Nahil, qui avait alors 25 ans, a dû travailler pour élever ses enfants, les envoyer à l’école et aider ses beaux-parents avec qui elle a vécu vingt-cinq années après l’enlèvement de son mari. Elle l’a cherché partout. Elle a été d’un centre de détention à un autre, jusqu’à ce que finalement, elle l’a aperçu pendant quelques minutes dans une prison syrienne. Depuis ce jour, son sort est inconnu.
Rachid Liddawi
Oum Rachid regarde la télévision dans sa maison à Tripoli, au Liban-Nord. Au-dessus d’elle, une photo de Rachid est accrochée au mur. Le 10 avril 1976, Rachid est sorti acheter des cigarettes, mais il n’est jamais rentré. Il avait 15 ans. Sa mère l’a cherché partout dans le pays, mais elle n’a jamais eu de ses nouvelles. Son cœur lui dit qu’il est toujours vivant.
Plusieurs parmi les personnes disparues et les victimes de disparitions forcées avaient moins de 18 ans.
Wajih Zahalan
Une chaussure dans un immeuble abandonné à Bhamdoun, à l’est de Beyrouth, qui faisait office de centre de détention durant la guerre civile libanaise de 1975-1990. En 1982, une pile de passeports appartenant à des personnes kidnappées par une milice libanaise a été trouvée à l’intérieur du bâtiment. Parmi ces documents, le passeport de Wajih Zahalan, retrouvé un mois après son enlèvement en 1982.
Wajih était sorti de son domicile, à Aley, en un jour pluvieux, très tôt le matin, pour se rendre à son travail, dans la Békaa. Il se trouvait en compagnie d’un collègue de travail. Ce matin-là, il était parti sans réveiller ses quatre enfants. Il ne leur a jamais dit au revoir. Quelques jours plus tard, un ami de la famille a appris que les deux hommes ont été arrêtés en chemin et enlevés de force. Wajih avait 38 ans.

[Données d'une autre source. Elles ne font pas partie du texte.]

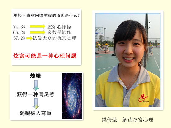 我先摆出了郭美美的图片——一个以红十字会经理认证的炫富女,作为这次演讲的开场白,从而引出了主题,炫富心理。接着,我分享了两个在网络上搜索到调查报告。第一个是世界奢侈品协会发布的2011年报告,里面表明了中国的奢侈品市场消费高达107亿美元,超越了日本,成为全球第二大奢侈品消费国。重点是,其中的主流人群,25-34岁的年轻人占到多数。其次是关于年轻人喜欢网络炫耀的原因,有74.3%的人认为其原因是虚荣心作怪,66.2%的人认为炒作。然而,假若网络炫富行为不是炒作,而是活生生的事实的话,我们就不得不认真思考,人们到底是出现了什么样的心理问题?心理医生认为,郭美美这类人炫富是社会快速发展背景下的畸形心理作怪。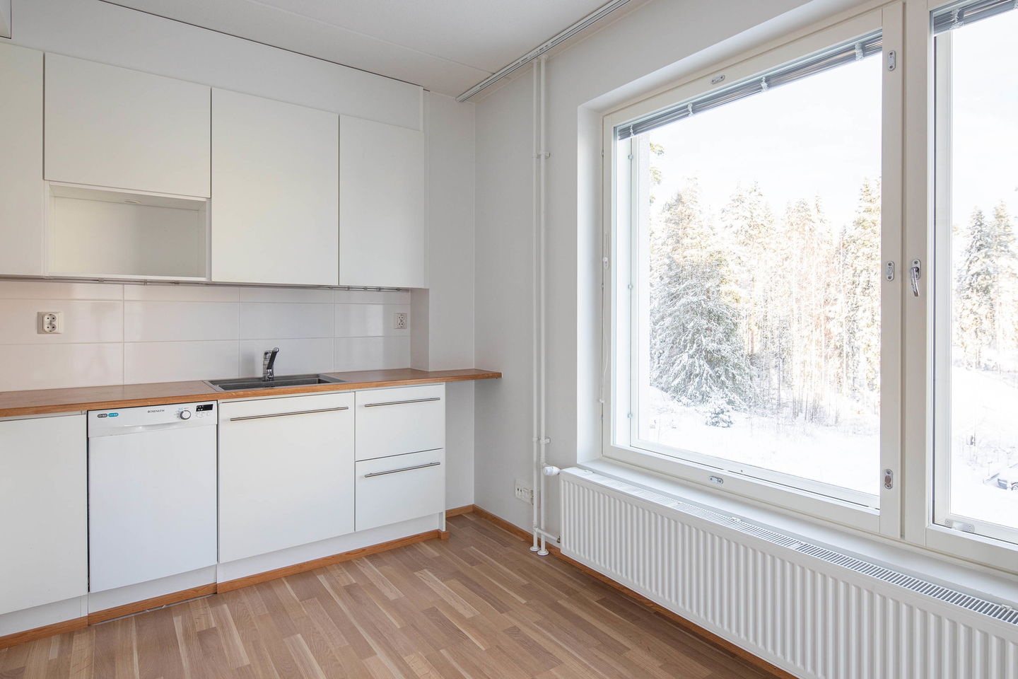 Valoisa ja tilava nurkkahuoneisto rauhallisella alueella metsän vieressä, ranskalainen parveke ja ikkunat itä/etelä suunnassa. Tämä neljännen kerroksen kaksio on hiljainen ja viihtyisä, sen neliöt on hyvin käytetty ja kaappitilaa on runsaasti. Erinomaiset ulkoilumahdollisuudet heti kotiovelta, talvella myös hiihtoladut.

Quand ils ont retrouvé son passeport, sa photo était enlevée, mais son nom et d’autres informations étaient conservés.
En 2014, Ayman, le fils de Wajih, est entré dans l’immeuble pour la première fois après l’enlèvement de son père. Il a commencé à chercher des écritures sur le mur, espérant trouver un message de son père. Il n’a rien trouvé.